New technologies for modelling, monitoring and predicting agrochemical transport in plants[PhD project, NexGenAgriChem].This project measures the ability of agrochemicals to cross artificial membranes constructed to resemble those found in agriculturally relevant species. This involves developing new microfluidic technologies for manufacturing inter-connected 2-D and 3-D membranes as well as exploiting cutting edge imaging tools to measure agrochemical transport through these barriers. This will lead to general or class-specific design principles for agrochemical membrane translocation with these results directly feeding into industrial research programmes. This project also examines the role of membrane-bound proteins in the active transport of chemicals.
A novel two dimensional infrared spectroscopic tool to study herbicide interaction in plants[PhD project, NexGenAgriChem]. This project investigates the application of a novel form of 2D Infra-red (2D-IR) electron vibration vibration (EVV) spectroscopy to study herbicide interaction. This form of spectroscopy, which can be considered as an optical analogue of 2D NMR, is able to probe interactions in protein systems. The project therefore facilitates rational herbicide design, and will directly feed into the industrial agrochemical pipeline.
Novel chemical probes to investigate the metabolism and mode of action of insecticides[PhD project, NexGenAgriChem].This project develops a generic approach for the rapid identification and characterisation of the metabolising enzymes responsible for detoxification of specific insecticides. Insecticides will be immobilised and the resulting conjugates will be employed as pull-down probes; proteomic analysis of the interactome protein fractions will ensue. Covalent cross-linking ‘warheads’ will also be generated and attached to the insecticides in order to target the interactome, and will be monitored using fluorescence microscopy in insect cells and/ or plant cell. Overall, the project involves the integration of synthetic chemistry, chemical biology and biochemistry to create a bespoke solution to identify the key P450 enzymes involved in insecticide metabolism in specific plants and to track their spatio-temporal distribution in cells.
Novel chemical probes to probe the metabolism and mode of action of fungicides [PhD project, NexGenAgriChem]. This project develops and applies novel chemical methods for the identification of the specific enzymes responsible for detoxification of a given fungicide. It probes the site and mode of chemical reaction of these enzymes to aid our understanding of fungal detoxification pathways to allow for the design of more effective fungicides in the future. The plan has been to immobilise fungicidal compounds onto various support matrices via linkers/spacers co-functionalised with cross-linking ‘warhead’ functionality and employ these as pull-down probes. Overall, the project involves the integration of synthetic chemistry, chemical biology and biochemistry to create tailored protocols for the rapid mapping of fungicide-protein interactomes.
Chemical dissection of the targets of insecticides with a novel mode of action [PhD project, NexGenAgriChem]. Recent developments around tools for target ID in the Tate lab have presented a unique opportunity to profile the targets of pyridalyl (PAL), a potent and selective insecticide of substantial commercial importance. Understanding the targets of this molecule is a high priority for Syngenta and would open up new classes of insecticide target for future exploitation. Addition of a 'clickable' tag to selected inhibitors will facilitate ligation of combinations of biotin and fluorescent dye labels and will enable imaging and pull-down based assays.

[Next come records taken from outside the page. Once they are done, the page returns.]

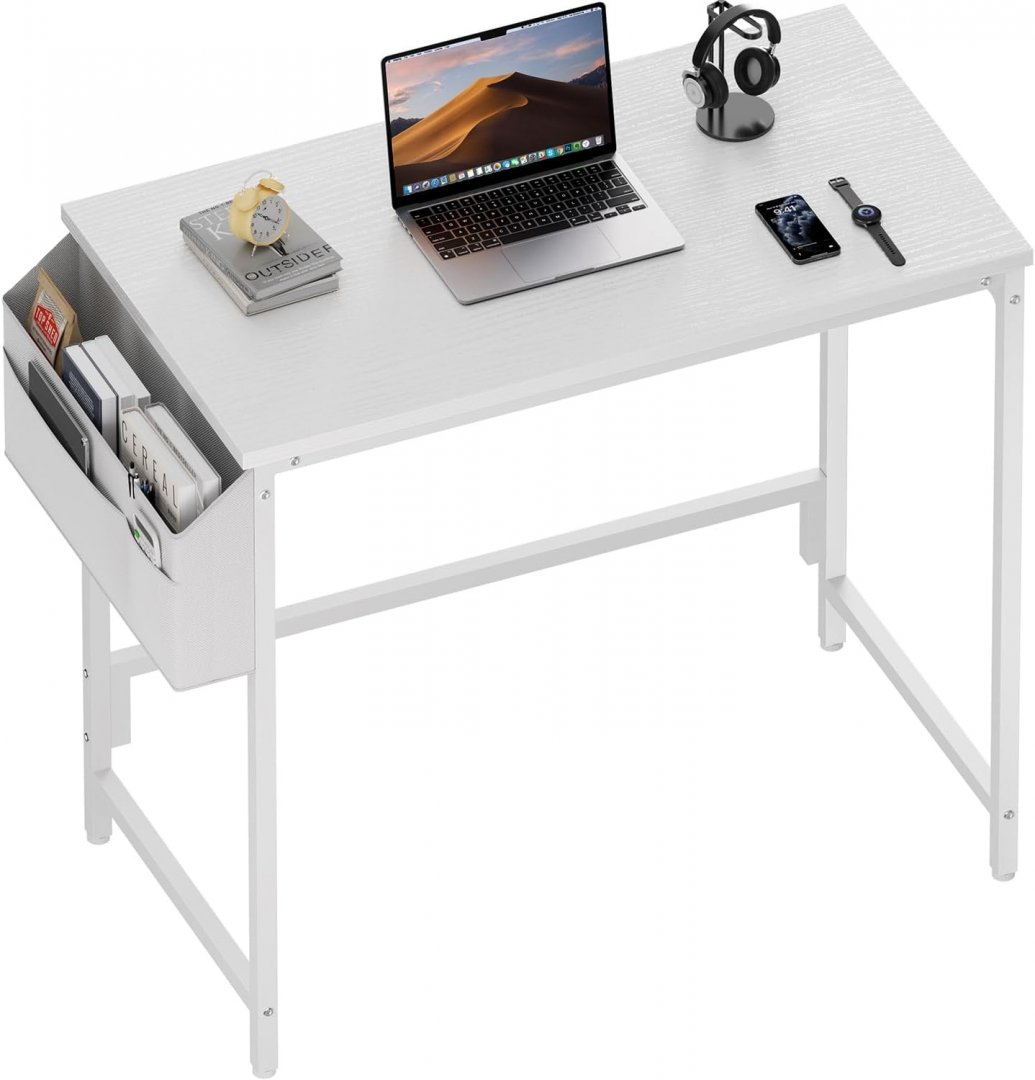 HLDIRECT Computer Desk with Storage Bag Home Office Desks for Small Spaces - 32"X20" - WHITE (MODEL: 12025WH)
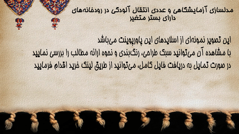 پاورپوینت مدلسازی آزمایشگاهی و عددی انتقال آلودگی در رودخانههای دارای بستر متغیر
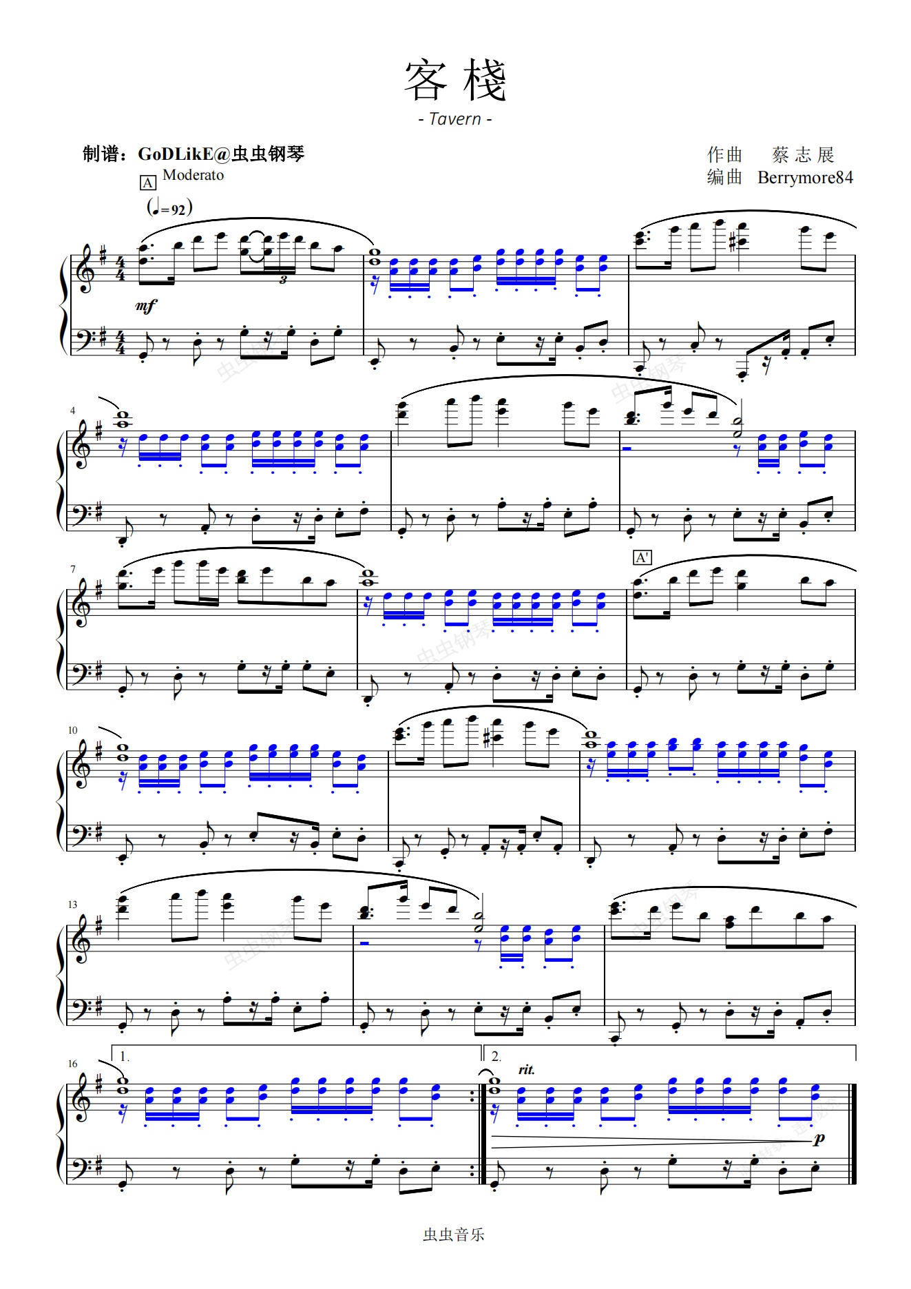 钢琴谱:《金庸群侠传》- 客栈 -
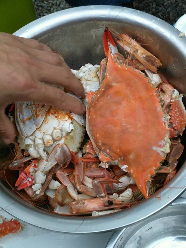 自己带了锅,自己蒸~10分钟就好!去海边吃海鲜一定自己带上炊具,因为海鲜很好做的,不是蒸就是煮。

Lipidated proteomics: Chemical validation of protein lipidation pathways as antifungal targets[PhD project, NexGenAgriChem].This project profiles the substrates of protein lipidation of plant pathogentic fungi, more specifically N-myristoyltransferase (NMT). The Tate lab has developed powerful tools for analysis of this enzyme in living systems, and the project exploits these capabilities to establish in vivo mode of action for known and novel NMT inhibitors as anti-fungal agents. The technology features a strong emphasis on exploiting synthetic chemistry to understand agrochemical mode of action and enables facile incorporation into target proteins without disturbing the system of interest, whilst permitting imaging and pull-down based on a highly optimized 'chemical proteomic' workflow.

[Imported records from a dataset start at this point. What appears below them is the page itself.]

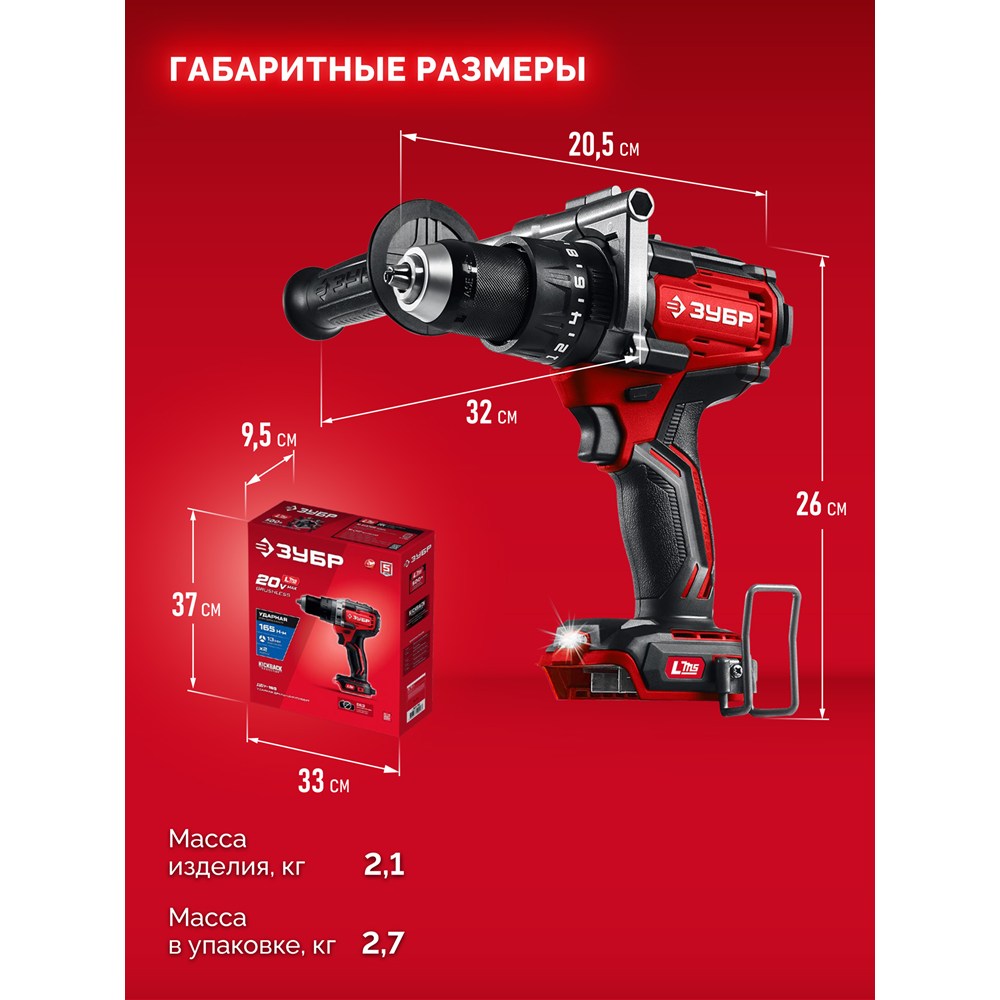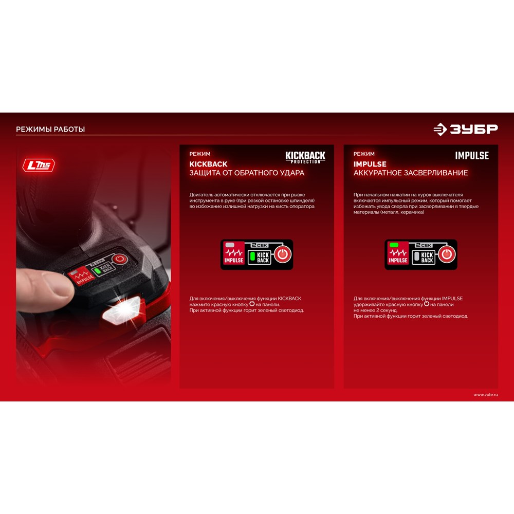 Бесщеточная ударная дрель-шуруповерт ЗУБР системы LMS с максимальным крутящим моментом 165 Нм предназначена для работы с самым крупным крепежом (саморезы до 12 мм диаметром) и сверления отверстий до 40 мм в дереве. Встроенная защита от обратного удара предотвращает повреждение кисти при резкой блокировке вала. Расширенная функциональность за счет ударного режима работы
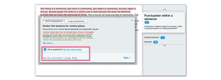 我们的系统并不完美,所以我们增加了对改进建议是否正确的投票。我们今天看到的Grammarly,,完全是我们用户贡献的结果。
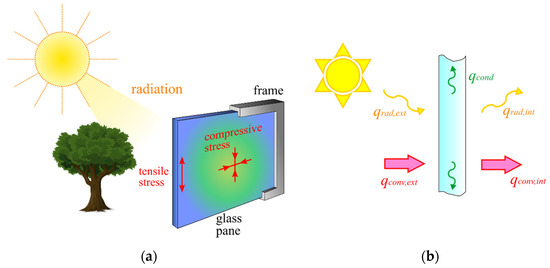 The “climatic actions” related to solar radiation and heat exchange with the environment [5,6] can produce an uneven temperature distribution in glazing panels, enhanced by the presence of shadows, as well as heat sources such as radiators, hot air outlets, etc. Both the technical literature and practical experience provide a wealth of evidence that the strain and stress state produced by these temperature differences can lead to failures.

Multiscale analysis of protein and DNA structures: from atomic structures to large-scale conformational substructures[PhD project, NexGenAgriChem]. This project employs the multiscale analysis of protein and DNA structures to examine potential fungicide and allergen targets. Particular focus is on histidine kinases (HKKS) (HOG pathway) by interrogating the role of particular domains over different timescales, which combined with a mutational analysis will lead to the identification of hotspots for agrochemical binding sites. Initial testing will employ bacterial systems to validate the method which will then be ported to investigate fungal as well as allergen systems. In the latter the correct identification of epitopes with minimal false positives is of great relevance.

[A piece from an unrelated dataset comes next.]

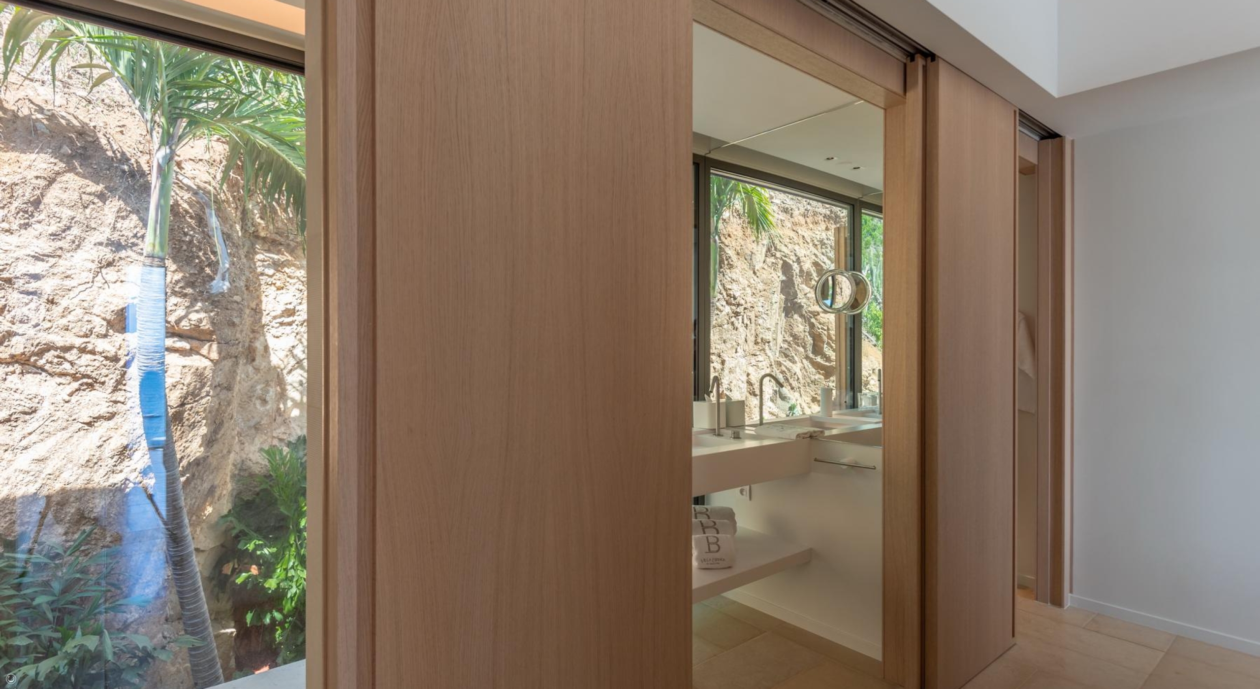 It is a contemporary villa, with magnificent wooden architecture. It offers four beautiful bedrooms, all carefully decorated in a sober and elegant style. Two of them are accessible by the kitchen side, with stairs, the two others, by the living side, one is downstairs.
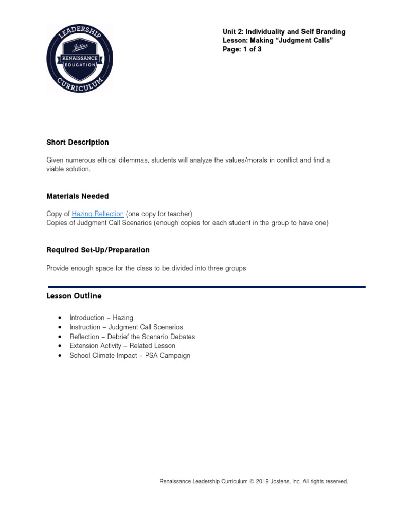 Renaissance Leadership Curriculum © 2019 Jostens Inc. All rights reserved.

Biochemical imaging of compounds in plants[PhD project, NexGenAgriChem]. This project develops a novel validated analytical method to detect and analyse compounds (such as agrochemical) in biological matrices and try to solve the issues related to existing methodologies. These issues involve long and complex labelling procedures coupled with the fact that there is only a limited set of pesticides that are detectable with the existing methods.